This post is from the archives of my previous racing blog. On the eve of the first Australian XCO National Series Race in Orange, NSW I am revisiting it for myself. While the race described here was a local race, all the same things apply regardless if you're at a newbie XC race or World Championships. I hope that others can gain some useful skills from it too!
The first round of our local race series, the 2016 Wild West Series (pew pew!), was hosted at Adare on Sunday. While I don’t really want to go and write a race report about it, it was the first race of the year and as such I woke up that morning and immediately felt nervous. How was my form? How was everyone elses form? Can I keep it upright? Such pressing questions were in the forefront of my mind.
It was a club race; what was I worried about? I have lined up at cross-country races more times than I dare to count; local, state, national and even a couple of international events, but this fact didn’t diminish that little knot of unease in my guts.
Well, there are only a certain amount of races every year and hence if I turn up to race I need to make it count! Plus, it’s ‘only’ the Wild West Series, however it’s as big in numbers as our state-level racing and all the fast riders make the effort to go. We even had two (gravity) world champions racing; madness!
So with all this in mind, I have written up a few quick tips for the pre-race nerves. It worked for me: after a long trip to the race, by the time I was on the start line I was cool as a cucumber (in 35-degree heat…) and had gotten my heart rate down from about 140 due to anxiety and nerves to under a 100 and ready to race!
There are two types of anxiety typically experienced in pre-race nerves: Somatic and cognitive. Somatic anxiety refers to the physical manifestations of anxiety (heart racing, clammy palms, those butterflies or knots in the stomach…) while cognitive anxiety refers to the thought processes that can occur (negativity, self doubt, low self esteem).
So here’s a few techniques that can be used to quell pre-race nerves.

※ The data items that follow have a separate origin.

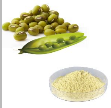
Mung Bean Protein Isolate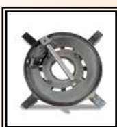
Tool for flange necks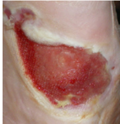
Figure 1. Granulation has smoothed out; the wound is just slightly moist and is ready for the edges to contract. The stage of healing is maturation.

When granulation is achieved, the wound bed changes, becomes less ‘wet’ and less ‘bumpy’ with a smoother wound surface (figure 1). This is the final stage of wound healing and the epithelial cells can now grow into the centre of the wound and the wound fibres will contract the surface of the wound until it reaches closure. If this happens quickly there will be less scarring (Son et al 2005). The collagen that is laid down during the granulation period is now removed and replaced by a stronger collagen and the tissue beneath the scar and the scar itself, will go on remodelling for up to two years (Dealey 2007).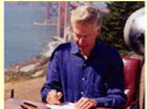
Gov. Gray Davis signs AB 1493 into law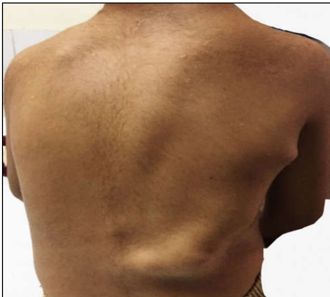
Figure-3: Shows clinical photograph showing multiple swellings on the right side of chest and back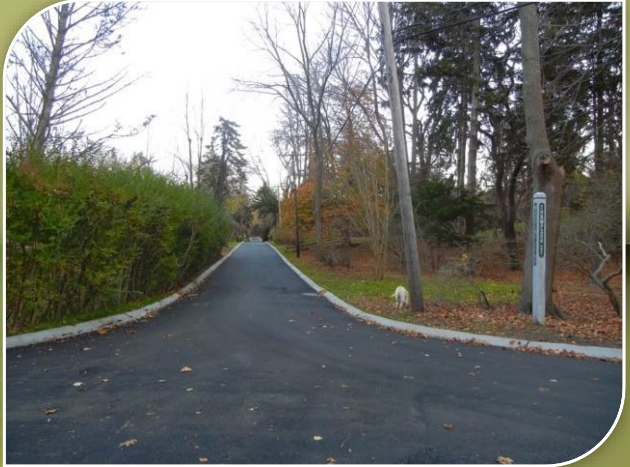
wardencliff at Thompson, looking south (area of stormwater runoff flooding on left)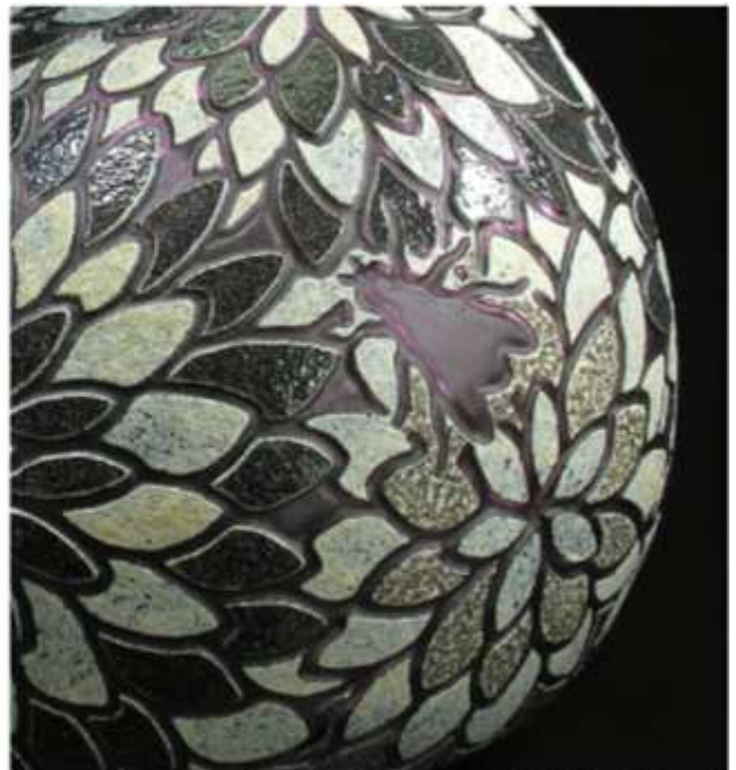
Gérald Vatin, Pâquerette , n°226-11, 2011 verre soufflé, émaillé et gravé, 102cm, détail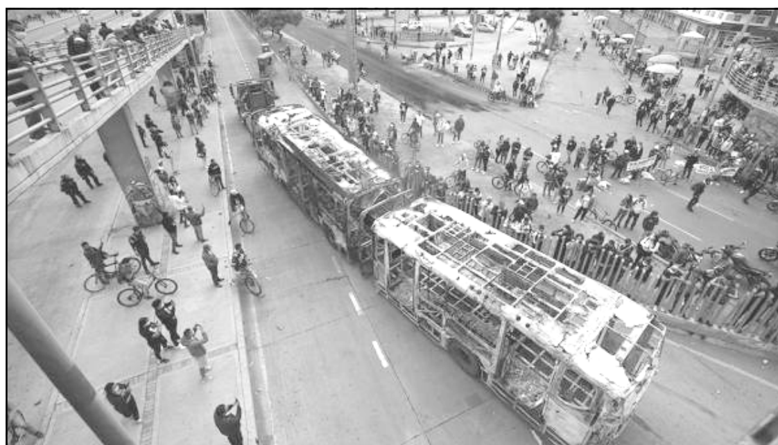
Bogota, Colombia anasa San Mateo nung sorkar anema longkak aitba mapang rongtsüba double car public bus ka gari kati atsür aoba noksa nung angur. Public services, totzü, taa aser pension nung saru temlochtsü atema sorkari ken o benokba sülen Colombia nüburtemi hopta aika yimti-yimtung nung longkak aita jajar.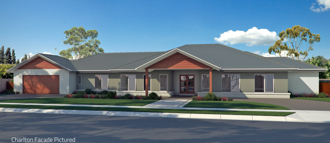
Charlton Facade Pictured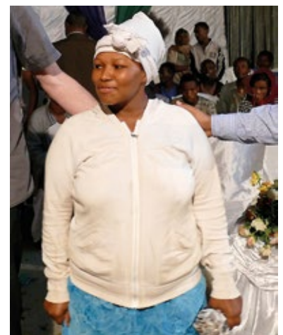
She was set free from an evil spirit.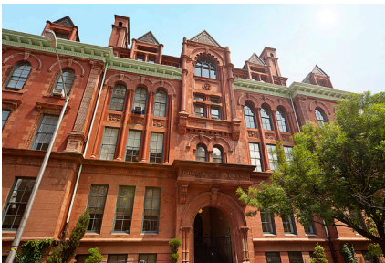
279 Sterling Place, #1G PROSPECT HEIGHTS One-Bedroom Cooperative $525,000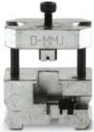
10-pos. replacement die

Please be informed that the data shown in this PDF Document is generated from our Online Catalog. Please find the complete data in the user's documentation. Our General Terms of Use for Downloads are valid ( http://phoenixcontact.com/download )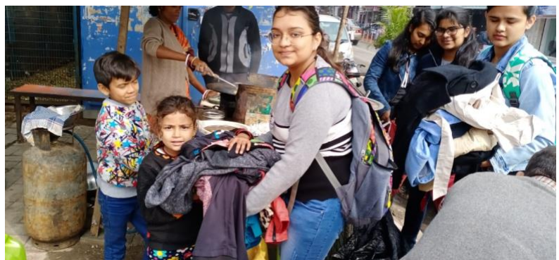
NSS Volunteers participating in the donation drive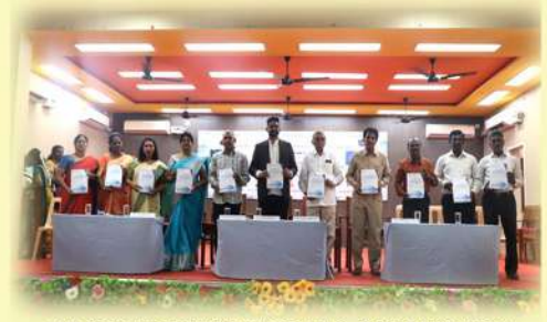
TWO DAY INTERNATIONAL CONFERENCE DEPARTMENT OF COMMERCE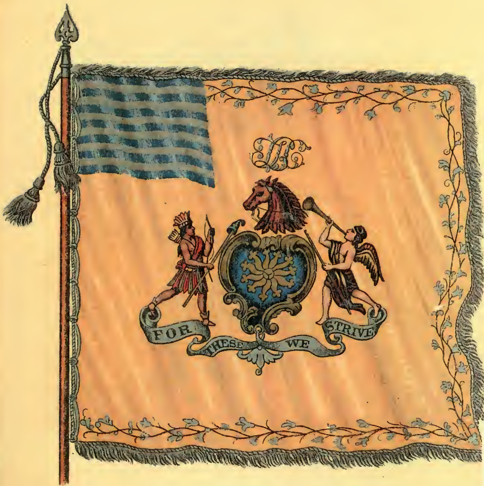
STANDARD OF PHILADELPHIA LIGHT HORSE, 1776.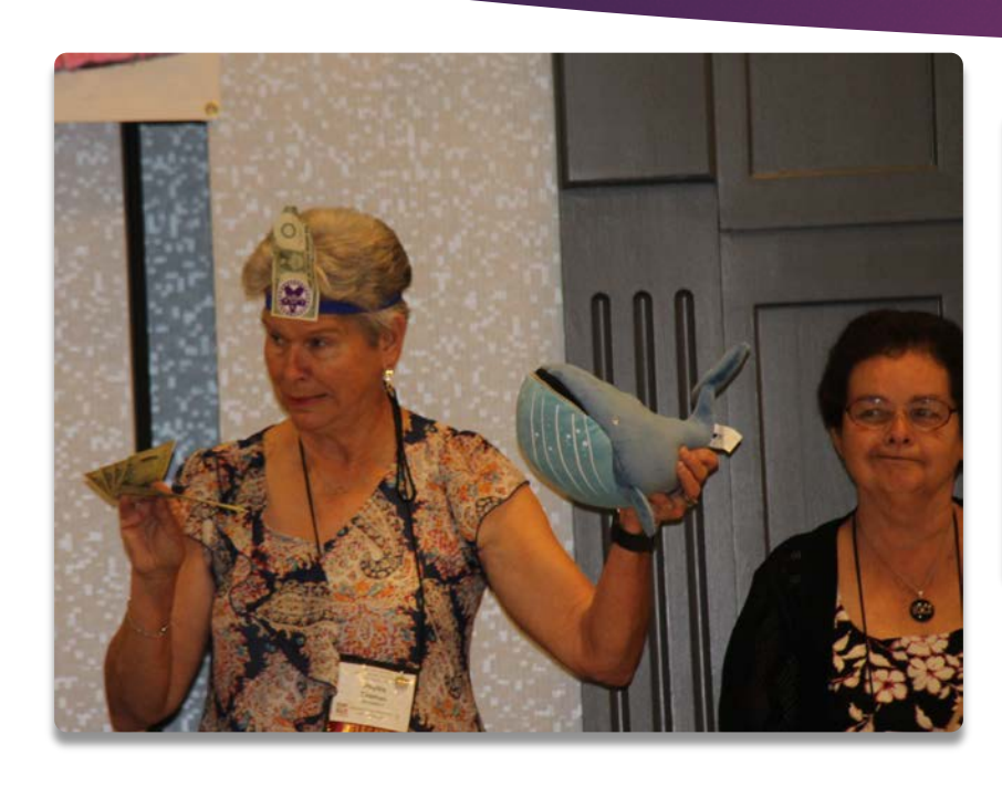
Executive Committee Fundraiser Skit

Change your goals: rather than focussing on a finishing in a certain position, make some process goals that could lead to good performances but don’t focus on a number. For example, instead of having a goal of winning or being on the podium (which could be very difficult to achieve if there are five other riders in top form in your class, you can’t control their performances after all!), you could have a goal to clear the technical section every lap, ride within a certain heart rate parameter, or give it all on a certain climb every lap. This takes the goal back into your hands and regains your control of your riding.
Visualisation: Use of visualisation, either as a distraction (ie: thinking of a calm and tranquil place) or of your own performance (ie: riding fast smooth, powerful and in control) can also help to settle pre-race anxiety.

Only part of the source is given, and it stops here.